--- What is being asked ---
A verbatim repeat of the lines below is required, with the pictures removed.

--- Collected material ---

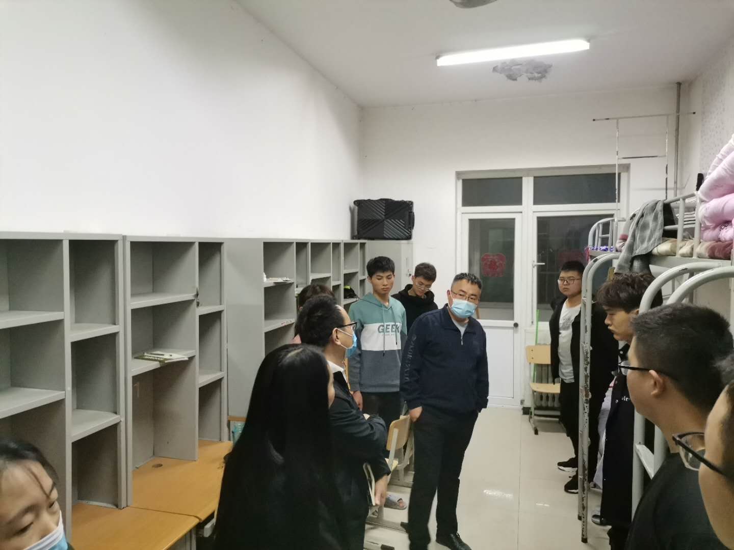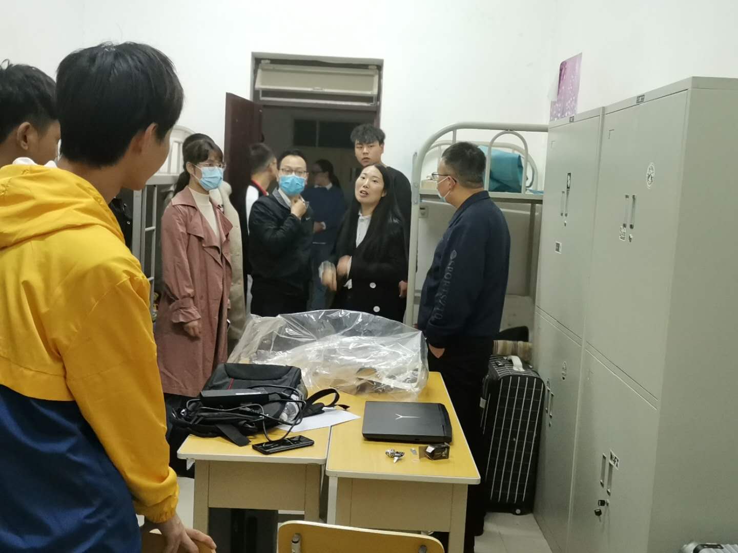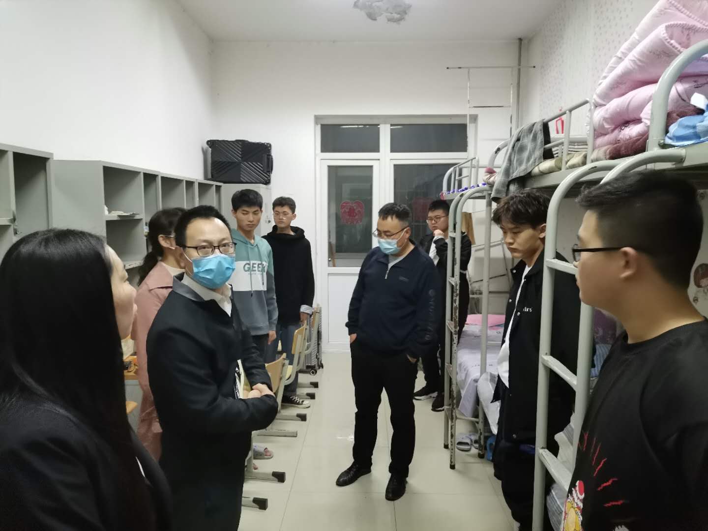 盼望着,盼望着,终于迎来了2020级新生报到,校园里又增加了一份活力。10月12日晚7点,太阳成集团tyc122cc领导班子在副经理邵航的带领下来到新校区美和易思计算机应用技术专业,与专业负责人李倩老师及新生班班主任、讲师前往2020级新生宿舍走访慰问。
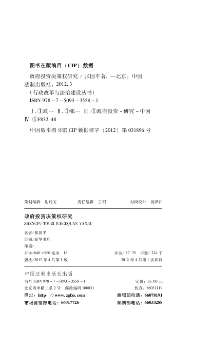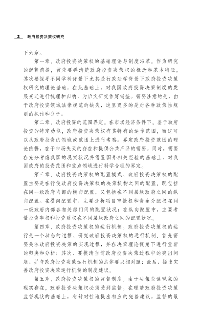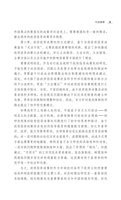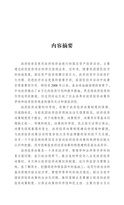 本书立足行政法视角,系统探讨政府投资决策权的理论基础、制度配置与运行机制。作者张国平从权力配置、运行流程到监督问责,层层剖析我国政府投资决策中的现实问题,并结合市场失灵与公共产品理论,科学界定政府投资范围。书中不仅梳理了政策演变脉络,更提出推进立法、健全责任制度等切实建议,力求在体制与法治之间构建平衡。尽管作者自谦研究尚属初步,但其对权力纵向横向配置、决策透明化及法律保障机制的思考,为推动政府投资法治化提供了重要学术参考。适合关注公共财政、行政改革与法治建设领域的读者深入研读。
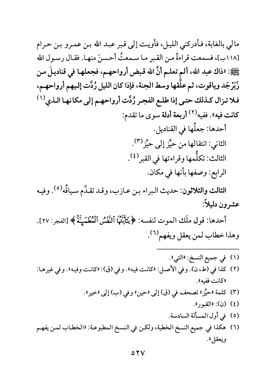 مالي بالغابة، فأدركني الليل، فأويت إلى قبر عبد الله بن عمرو بن حرام [١١٨ ب]، فسمعت قراءةً من القبر ما سمعتُ أحسنَ منها. فقال رسول الله - صلى الله عليه وسلم -: «ذاك عبد الله، ألم تعلم أنَّ الله قبض أرواحهم، فجعلها في قناديلَ من زَبَرْجَد وياقوت، ثم علَّقها وسط الجنة، فإذا كان الليل رُدَّت إليهم أرواحهم، فلا تزال كذلك حتى إذا طلع الفجر رُدَّت أرواحهم إلى مكانها الذي (¬١) كانت فيه». ففيه (¬٢) أربعة أدلة سوى ما تقدم:
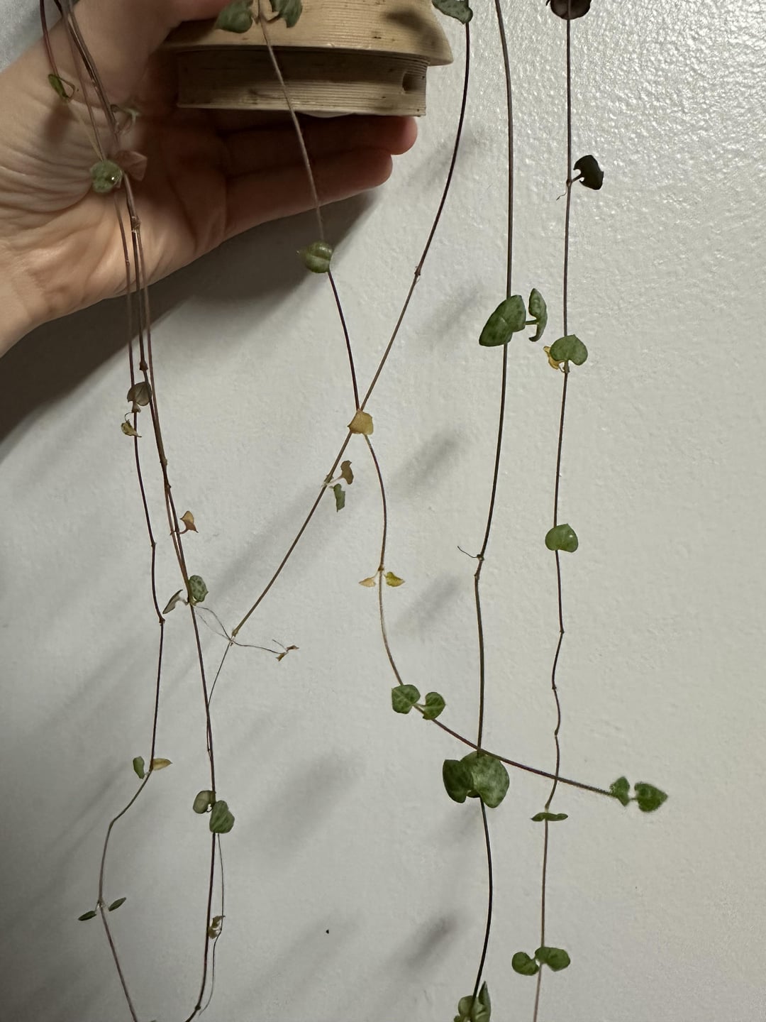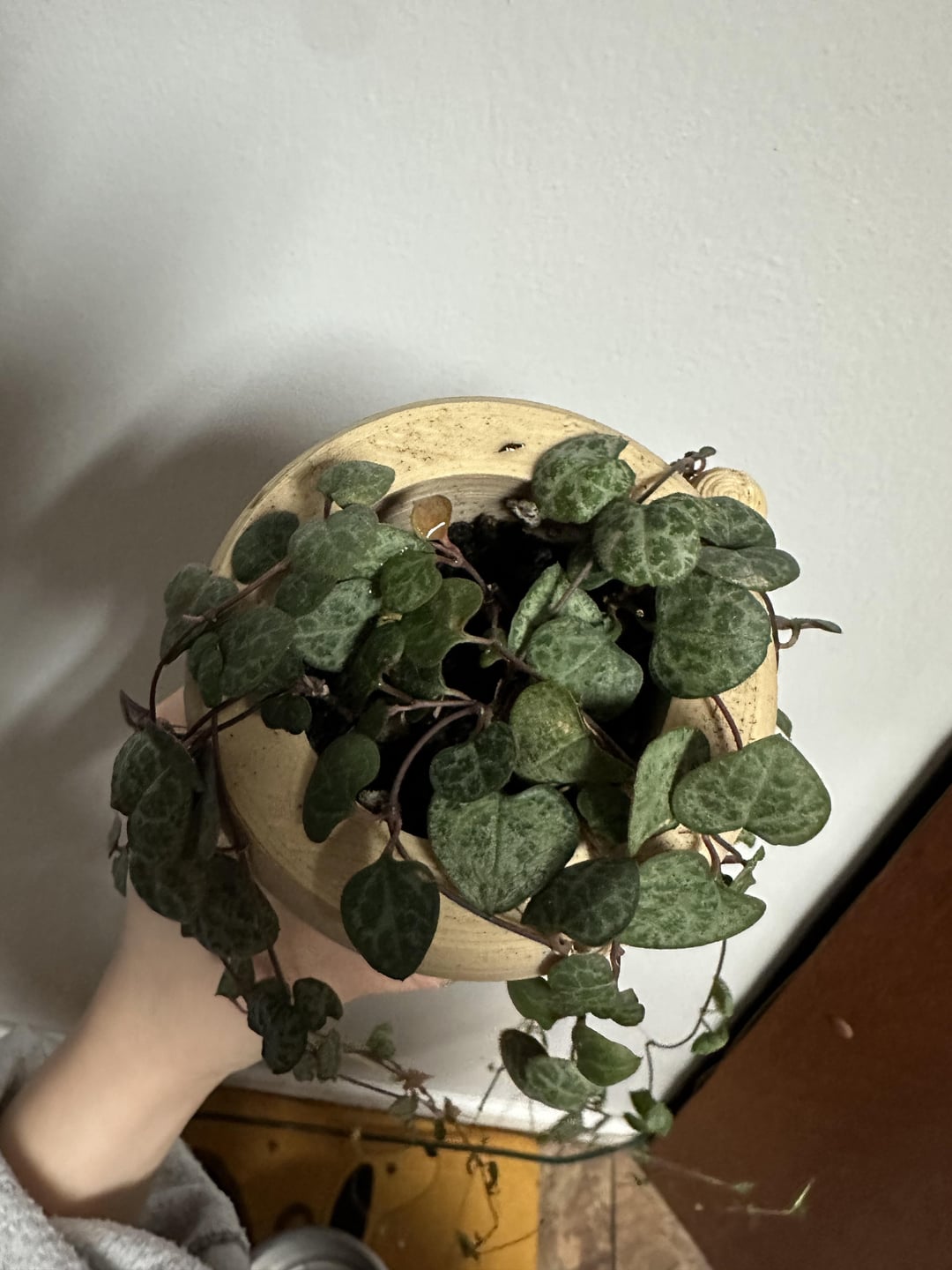 i've had this baby string of hearts for about eight months and i'm wondering if it needs to be repotted. some of the vines have yellowed, but others have yellow spots and then continue to sprout new leaves. i wasn't sure if a larger, wider pot would be better for growth? this is the first time i've ever owned a plant and it hasn't died within the first few weeks, im quite attached to her and want her to thrive. for context, ive been watering about once a month and it stays in a windowsill that gets a lot of direct sunlight.

--- Response below ---
 盼望着,盼望着,终于迎来了2020级新生报到,校园里又增加了一份活力。10月12日晚7点,太阳成集团tyc122cc领导班子在副经理邵航的带领下来到新校区美和易思计算机应用技术专业,与专业负责人李倩老师及新生班班主任、讲师前往2020级新生宿舍走访慰问。
 本书立足行政法视角,系统探讨政府投资决策权的理论基础、制度配置与运行机制。作者张国平从权力配置、运行流程到监督问责,层层剖析我国政府投资决策中的现实问题,并结合市场失灵与公共产品理论,科学界定政府投资范围。书中不仅梳理了政策演变脉络,更提出推进立法、健全责任制度等切实建议,力求在体制与法治之间构建平衡。尽管作者自谦研究尚属初步,但其对权力纵向横向配置、决策透明化及法律保障机制的思考,为推动政府投资法治化提供了重要学术参考。适合关注公共财政、行政改革与法治建设领域的读者深入研读。
 مالي بالغابة، فأدركني الليل، فأويت إلى قبر عبد الله بن عمرو بن حرام [١١٨ ب]، فسمعت قراءةً من القبر ما سمعتُ أحسنَ منها. فقال رسول الله - صلى الله عليه وسلم -: «ذاك عبد الله، ألم تعلم أنَّ الله قبض أرواحهم، فجعلها في قناديلَ من زَبَرْجَد وياقوت، ثم علَّقها وسط الجنة، فإذا كان الليل رُدَّت إليهم أرواحهم، فلا تزال كذلك حتى إذا طلع الفجر رُدَّت أرواحهم إلى مكانها الذي (¬١) كانت فيه». ففيه (¬٢) أربعة أدلة سوى ما تقدم:
 i've had this baby string of hearts for about eight months and i'm wondering if it needs to be repotted. some of the vines have yellowed, but others have yellow spots and then continue to sprout new leaves. i wasn't sure if a larger, wider pot would be better for growth? this is the first time i've ever owned a plant and it hasn't died within the first few weeks, im quite attached to her and want her to thrive. for context, ive been watering about once a month and it stays in a windowsill that gets a lot of direct sunlight.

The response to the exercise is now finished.